— WORK INSTRUCTIONS —
Word-for-word transcription: reproduce all of the data, but not the pictures.

(Extracted records)
━━━━━━━━━━━━━━━━━━━━
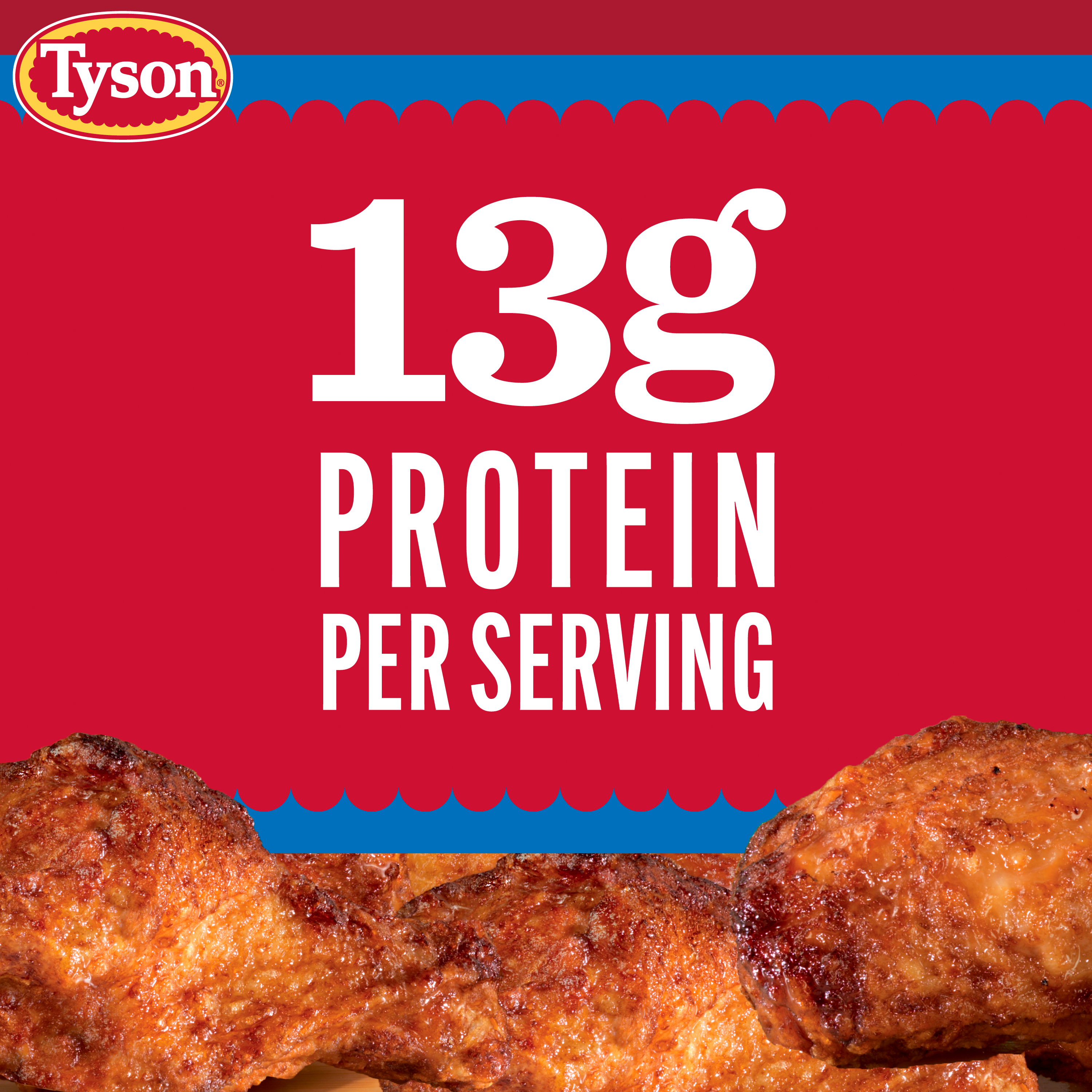 | Retail eCommerce Marketing Message | Enjoy the mouthwatering taste of Tyson Frozen Smoked Jumbo Crispy Wings. The 2.5 lb bag is packed with fully cooked, seasoned chicken wings that have a bold smoky flavor and crispy texture. With 13g of protein per serving and made from 100% all-natural* chicken, these wings are a satisfying snack or meal addition. They contain no added hormones or steroids** and are perfect for game day, family night, or a savory treat. Easy to prepare in an air fryer, oven, or outdoor grill, they deliver restaurant-quality taste at home. Keep frozen until ready to cook. Grab a bag today and make smoked chicken wings a staple in meal planning! *Minimally processed. No artificial ingredients. **Federal regulations prohibit the use of added hormones or steroids in chicken. |
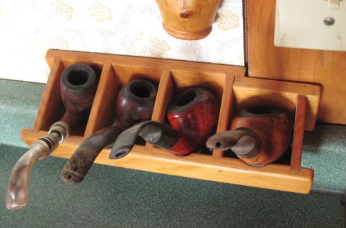 My dad has always smoked a pipe. He made this little pipe rack to store his pipes in.
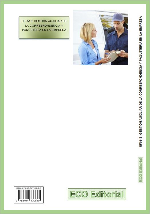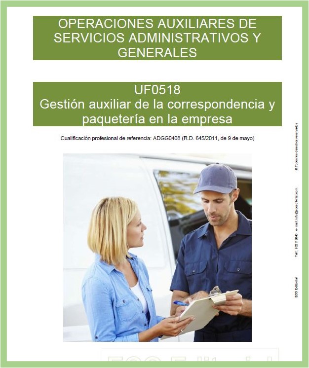 En concreto, este libro desarrolla la unidad formativa UF0518: Gestión auxiliar de la correspondencia y paquetería en la empresa, parte del Módulo formativo MF0969_1: Técnicas administrativas básicas de oficina.
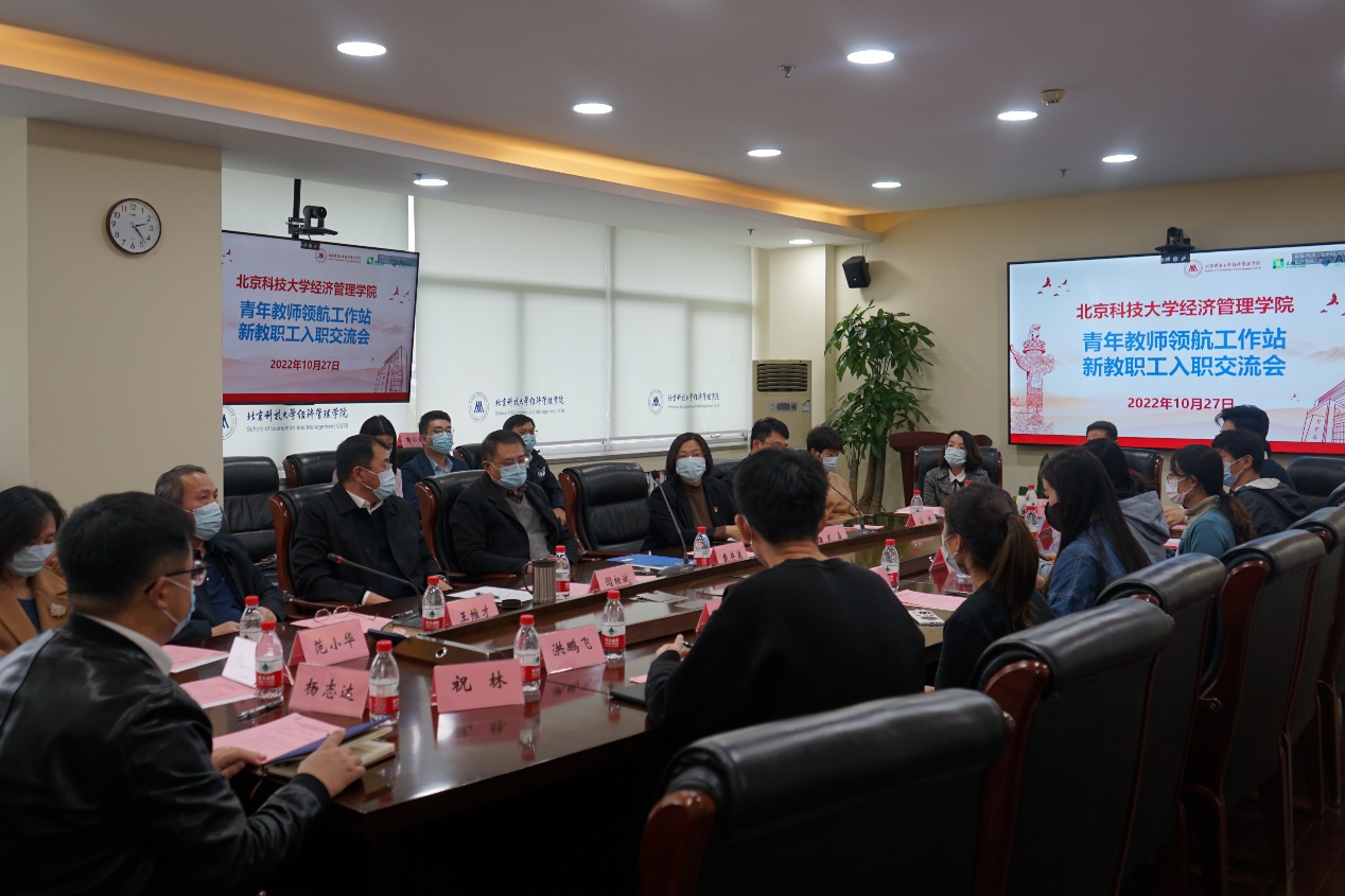 2022年10月27日下午,beat365中国唯一官方网站beat365中国唯一官方网站青年教师领航工作站新教职工入职交流会在经管楼809隆重举行。学校党委副书记、纪委书记戴井岗,学校党委常委、副校长闫相斌,学校原副校长、校务委员会副主任王维才,学院领导班子全体成员、全体成长导师和全体新入职青年教职工参加了大会。会议由学院党委书记武森主持。
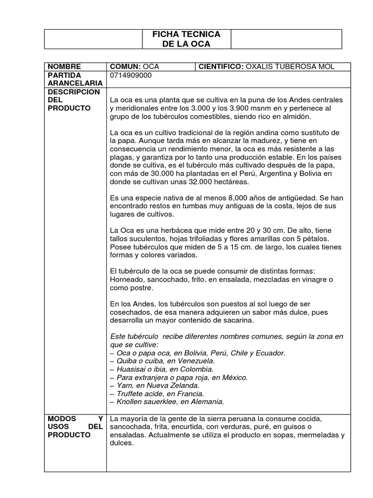 Huancayo; y en Ecuador en Quito. Las variedades de OCA ms
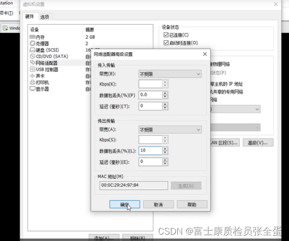 There is a function in the virtual machine , Specified packet loss rate .
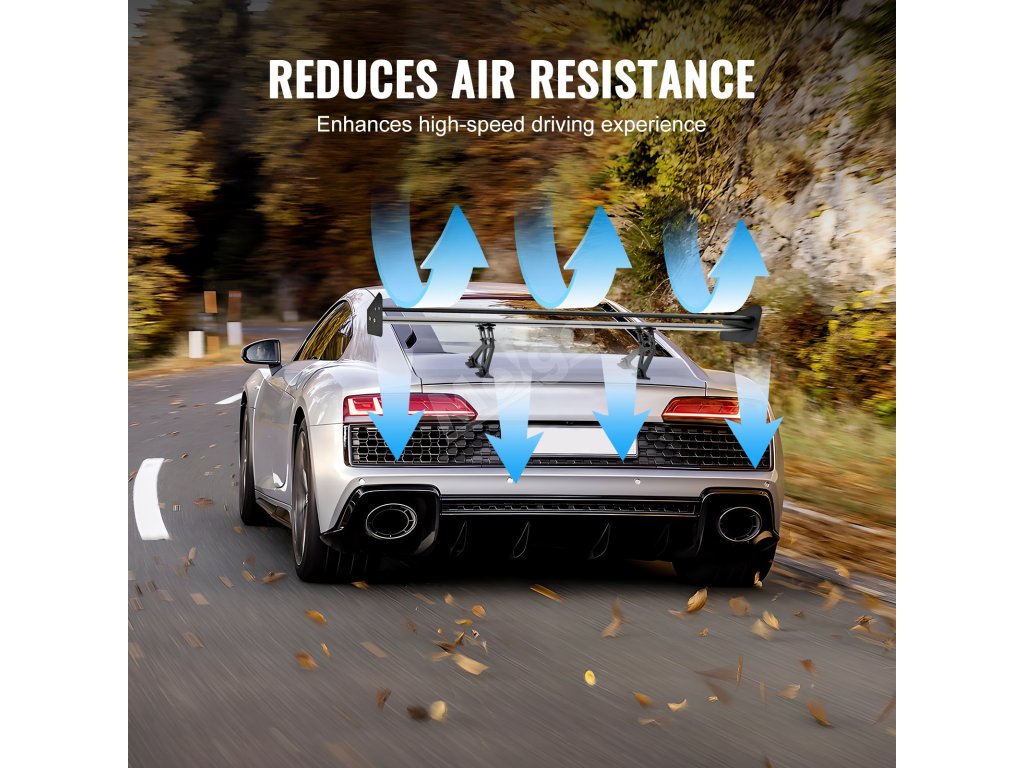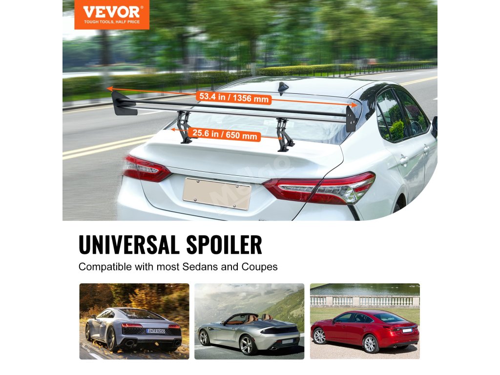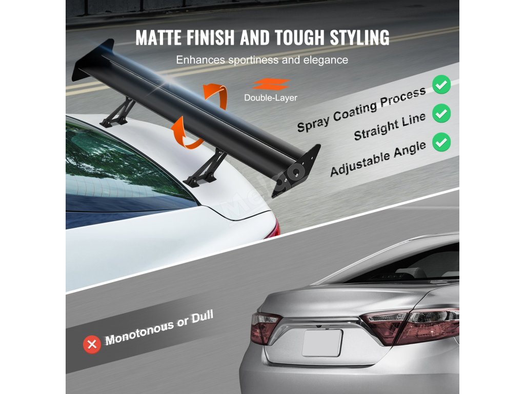 Tento univerzální spoiler je vyroben technologií nástřiku, která vytváří pokročilý matný černý povrch, který zabraňuje vyblednutí a připomíná styl závodů Formule 1. Úhel spoileru je nastavitelný.
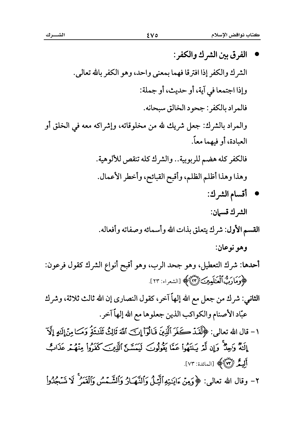 فالكفر كله هضم للربوبية .. والشرك كله تنقص للألوهية.
━━━━━━━━━━━━━━━━━━━━
— SOLUTION —
 | Retail eCommerce Marketing Message | Enjoy the mouthwatering taste of Tyson Frozen Smoked Jumbo Crispy Wings. The 2.5 lb bag is packed with fully cooked, seasoned chicken wings that have a bold smoky flavor and crispy texture. With 13g of protein per serving and made from 100% all-natural* chicken, these wings are a satisfying snack or meal addition. They contain no added hormones or steroids** and are perfect for game day, family night, or a savory treat. Easy to prepare in an air fryer, oven, or outdoor grill, they deliver restaurant-quality taste at home. Keep frozen until ready to cook. Grab a bag today and make smoked chicken wings a staple in meal planning! *Minimally processed. No artificial ingredients. **Federal regulations prohibit the use of added hormones or steroids in chicken. |
 My dad has always smoked a pipe. He made this little pipe rack to store his pipes in.
 En concreto, este libro desarrolla la unidad formativa UF0518: Gestión auxiliar de la correspondencia y paquetería en la empresa, parte del Módulo formativo MF0969_1: Técnicas administrativas básicas de oficina.
 2022年10月27日下午,beat365中国唯一官方网站beat365中国唯一官方网站青年教师领航工作站新教职工入职交流会在经管楼809隆重举行。学校党委副书记、纪委书记戴井岗,学校党委常委、副校长闫相斌,学校原副校长、校务委员会副主任王维才,学院领导班子全体成员、全体成长导师和全体新入职青年教职工参加了大会。会议由学院党委书记武森主持。
 Huancayo; y en Ecuador en Quito. Las variedades de OCA ms
 There is a function in the virtual machine , Specified packet loss rate .
 Tento univerzální spoiler je vyroben technologií nástřiku, která vytváří pokročilý matný černý povrch, který zabraňuje vyblednutí a připomíná styl závodů Formule 1. Úhel spoileru je nastavitelný.
 فالكفر كله هضم للربوبية .. والشرك كله تنقص للألوهية.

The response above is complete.